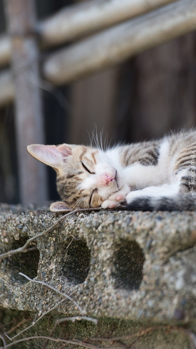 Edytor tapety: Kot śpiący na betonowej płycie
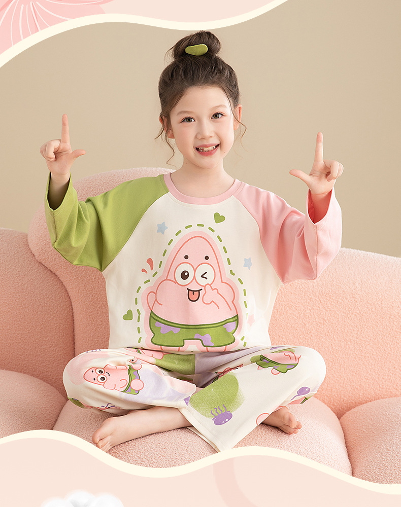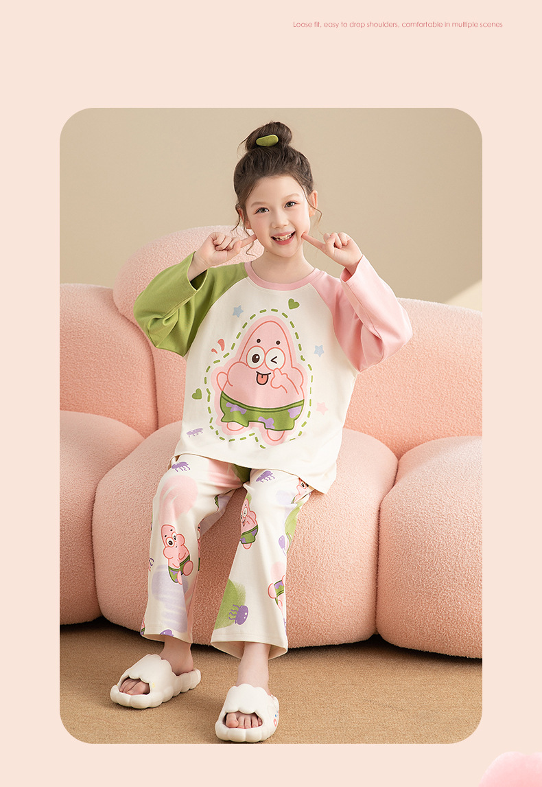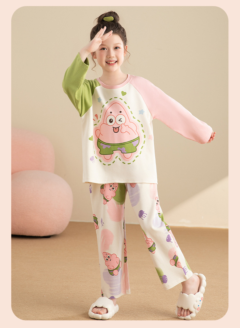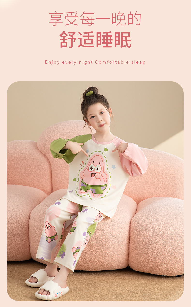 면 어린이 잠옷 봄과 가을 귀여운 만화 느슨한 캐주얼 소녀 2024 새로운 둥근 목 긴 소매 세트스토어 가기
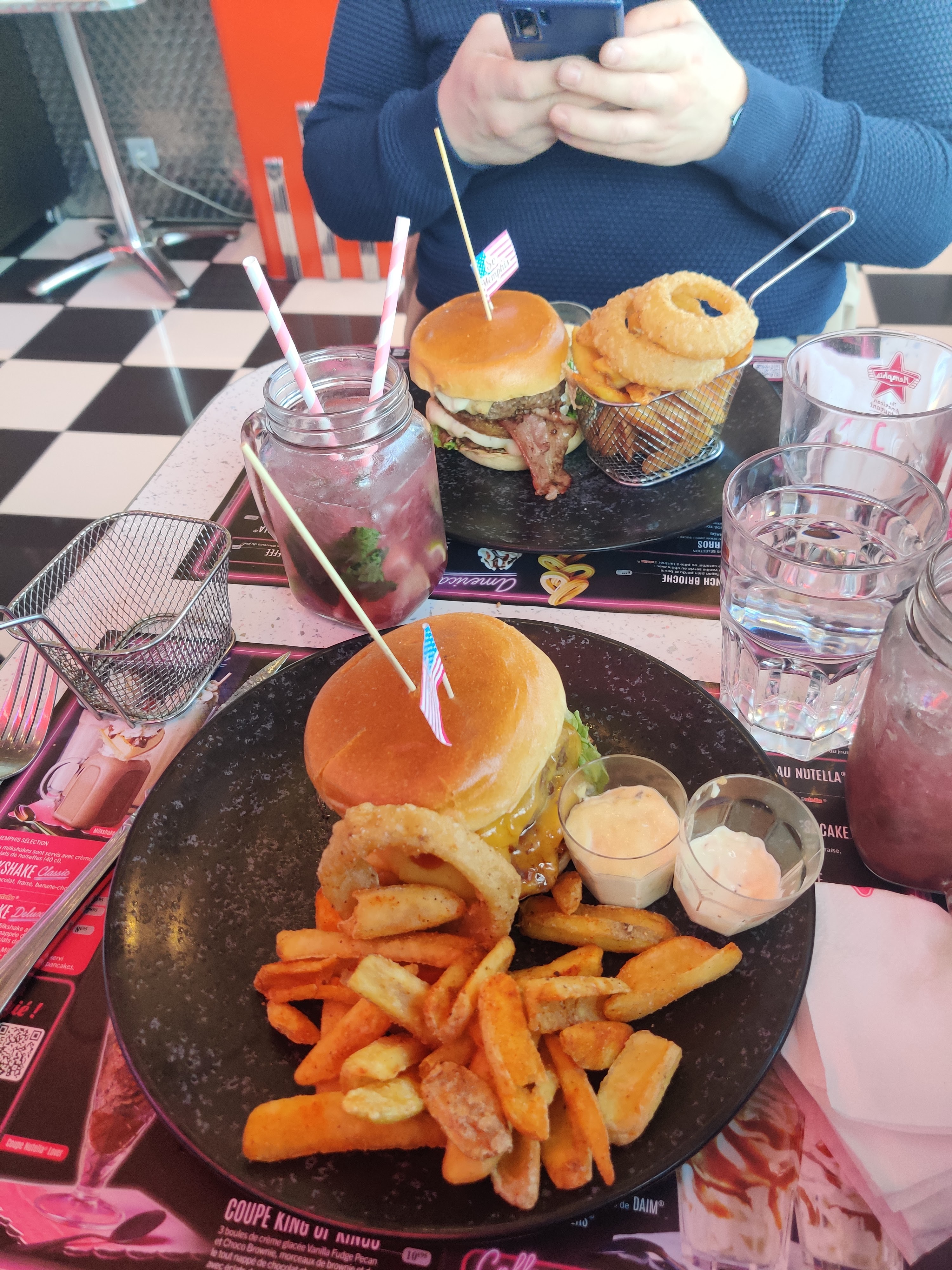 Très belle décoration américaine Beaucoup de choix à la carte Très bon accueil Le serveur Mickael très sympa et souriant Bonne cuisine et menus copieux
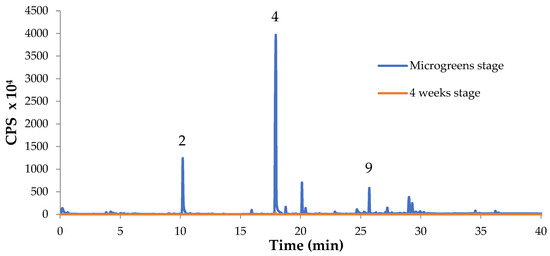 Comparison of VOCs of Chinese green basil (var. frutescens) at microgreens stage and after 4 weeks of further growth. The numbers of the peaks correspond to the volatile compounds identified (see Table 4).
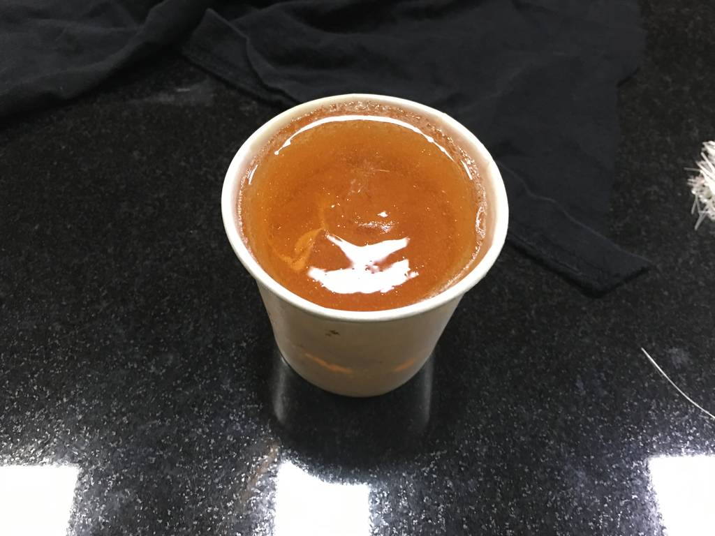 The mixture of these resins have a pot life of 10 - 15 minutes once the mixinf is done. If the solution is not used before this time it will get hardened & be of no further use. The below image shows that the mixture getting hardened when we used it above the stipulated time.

Work item:
Only the lines from the one containing "Très belle décoration" through the last line of the entries above, both included, belong in the answer, written out exactly; pictures do not.

Task result:
 Très belle décoration américaine Beaucoup de choix à la carte Très bon accueil Le serveur Mickael très sympa et souriant Bonne cuisine et menus copieux
 Comparison of VOCs of Chinese green basil (var. frutescens) at microgreens stage and after 4 weeks of further growth. The numbers of the peaks correspond to the volatile compounds identified (see Table 4).
 The mixture of these resins have a pot life of 10 - 15 minutes once the mixinf is done. If the solution is not used before this time it will get hardened & be of no further use. The below image shows that the mixture getting hardened when we used it above the stipulated time.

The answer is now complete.